Contrib package for Stable-Baselines3 - Experimental reinforcement learning (RL) code
https://sb3-contrib.readthedocs.io
MIT License
442 stars 166 forks source link

[Question] how to use "lstm_states" from rollout_buffer to reconstruct LSTM states during training #222

Closed DeepRowLie closed 5 months ago

DeepRowLie commented 6 months ago

❓ Question

Hi all! I hope to integrate RNN(LSTM/GRU) to off-policy algorithm(SAC and TD3) without multiprocessing like A3C.So I checked SB3-contrib code about recurrentPPO and the recurrentPPO document you recommended.

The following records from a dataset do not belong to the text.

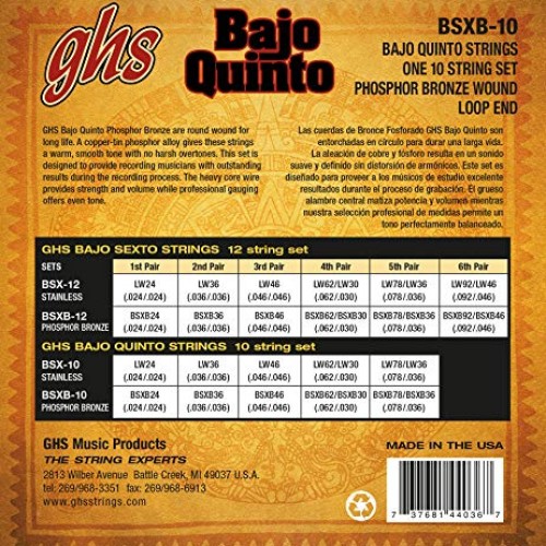 GHS Phosphor Bronze Bajo Quinto Strings. Made to provide long life and bright sound, GHS Bajo Quinto Stainless Steel strings offer Loop End with Lock Twist for the best possible tuning and tension. A heavy core wire provides strength and volume while our professional gauging gives you excellent tonal qualities.GHS Bajo Quinto Phosphor Bronze son bobinados redondos para una larga vida. Una aleaci n de f sforo de cobre y estao le da a estas cuerdas un tono c lido y suave sin matices speros. Este conjunto est diseado para proporcionar a los m sicos grabadores resultados excepcionales durante el proceso de grabaci n. El alambre de n cleo pesado proporciona fuerza y volumen, mientras que la medici n profesional ofrece un tono uniforme.
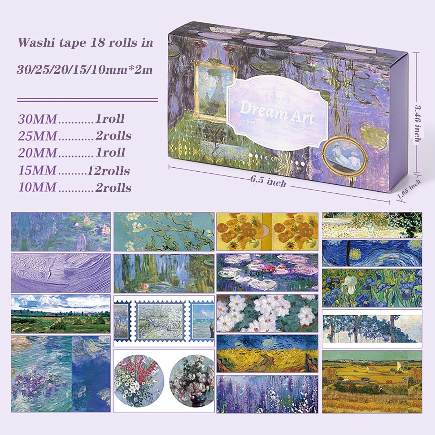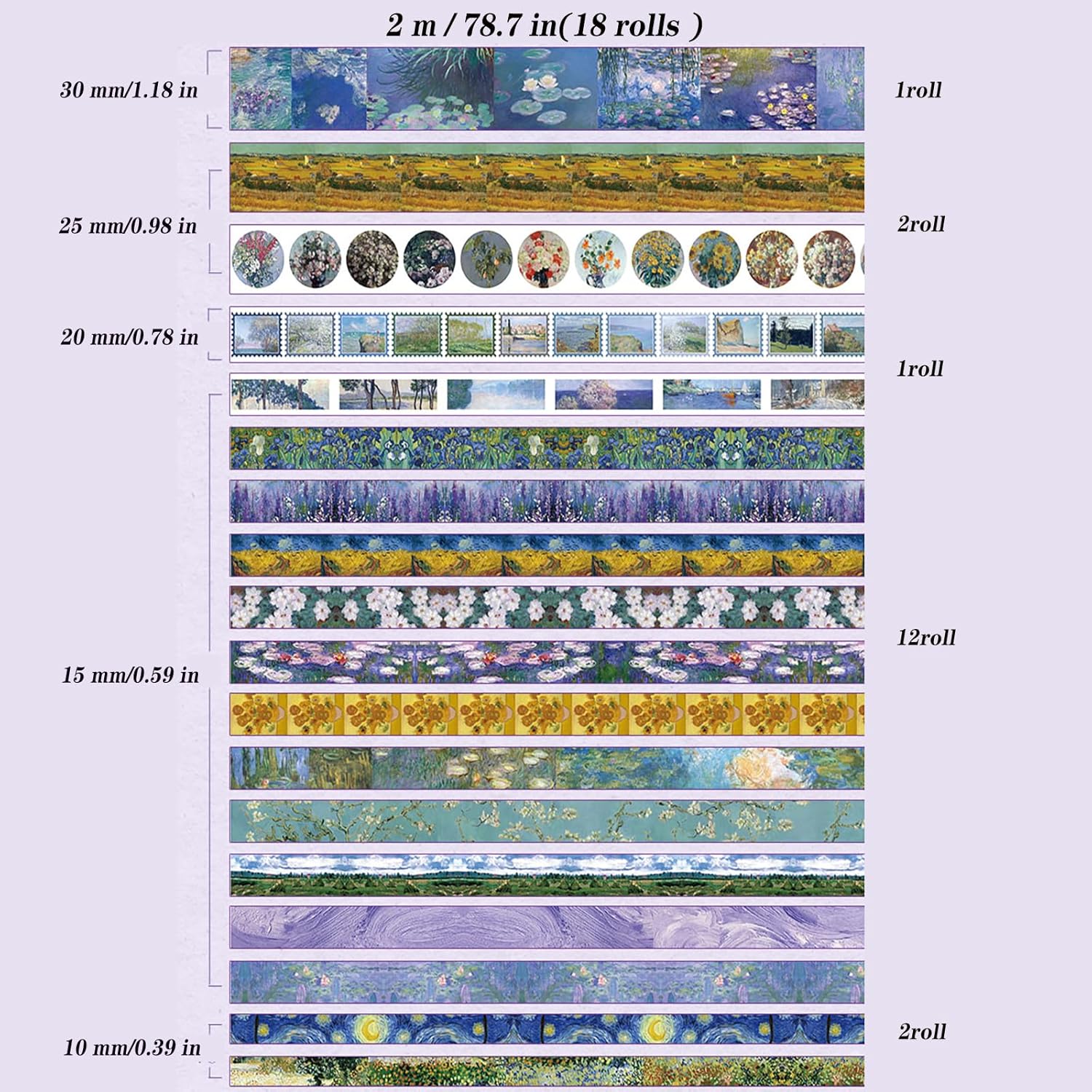 • Van Gogh's Art washi tape comes in a box with 18 rolls of high-quality washi tape in five sizes, including wide and thin washi tape. Each roll is 1.18 inches (30 mm) x 1 tape; 0.98 inches (25 mm) x 2 tapes; 0.78 inches (20 mm) x 1 tape; 0.59 inches (15 mm) x 12 tapes; 0.39 inches (10 mm) x 2 tape.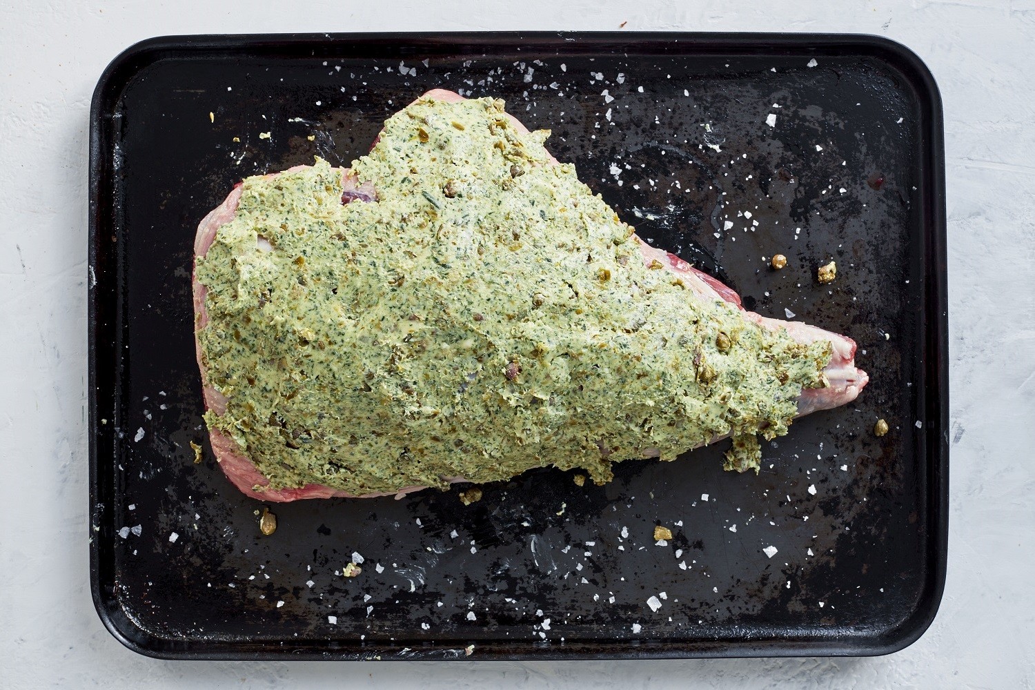 Αρνίσιο μπούτι στον φούρνο με βούτυρο κάππαρης και σάλτσα μαϊντανού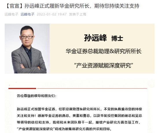 近日,明星分析师孙远峰亦在其“远峰电子”公众号上官宣履新华金证券研究所所长的消息。孙远峰表示,其将和未来团队骨干一起,继续产业研究方面各项工作,“产业资源赋能深度研究”将成为新集体研究方面的共识和目标。

In SB3-contrib, recurrentPPO puts _lstmstates into _rolloutbuffer when collect transitions.During Training,the sequences not start from the beginning of one episode will use the out of style _lstmstates to reconstruct LSTM states.I'm confused about this. https://github.com/Stable-Baselines-Team/stable-baselines3-contrib/blob/9f333ffc34280fd16f438ff303f7b3f7792b0068/sb3_contrib/ppo_recurrent/ppo_recurrent.py#L351C1-L356C18 https://github.com/Stable-Baselines-Team/stable-baselines3-contrib/blob/9f333ffc34280fd16f438ff303f7b3f7792b0068/sb3_contrib/common/recurrent/policies.py#L198C9-L207C36

Here are my questions:

  1. why should we use the outdated '_lstmstates' to reconstruct LSTM states instead of just initializing them,when the sequence doesnt start from the begining?After several epoches, it seems that _lstmstates stored in _rolloutbuffer may not accurately reflect historical information since the network has evolved.Does the Trust Region algothrim make the updated networks similiar enough, so we can use the old states?
  2. when appling RNN to SAC's replay buffer,how should LSTM states be reconsturcted?Should design the squence always start from the begining of each episode?

Checklist

araffin commented 5 months ago

Hello, SAC with RNN and PPO with RNN will be quite different because PPO is on-policy (so the data collected is discarded after one update).

why should we use the outdated 'lstm_states' to reconstruct LSTM states instead of just initializing them,when the sequence doesnt start from the begining? when appling RNN to SAC's replay buffer,how should LSTM states be reconsturcted?

This is mostly to have a better initialization for the lstm states than constant or random values. An alternative that is especially relevant for off-policy algorithms is to use warmup steps (see R2D2 paper) to initialize the lstm states before doing any gradient update. It requires however to store more data and suppose that the episode is long enough to perform those steps.

See https://github.com/Stable-Baselines-Team/stable-baselines3-contrib/issues/201 for some pointers for SAC.

DeepRowLie commented 5 months ago

thanks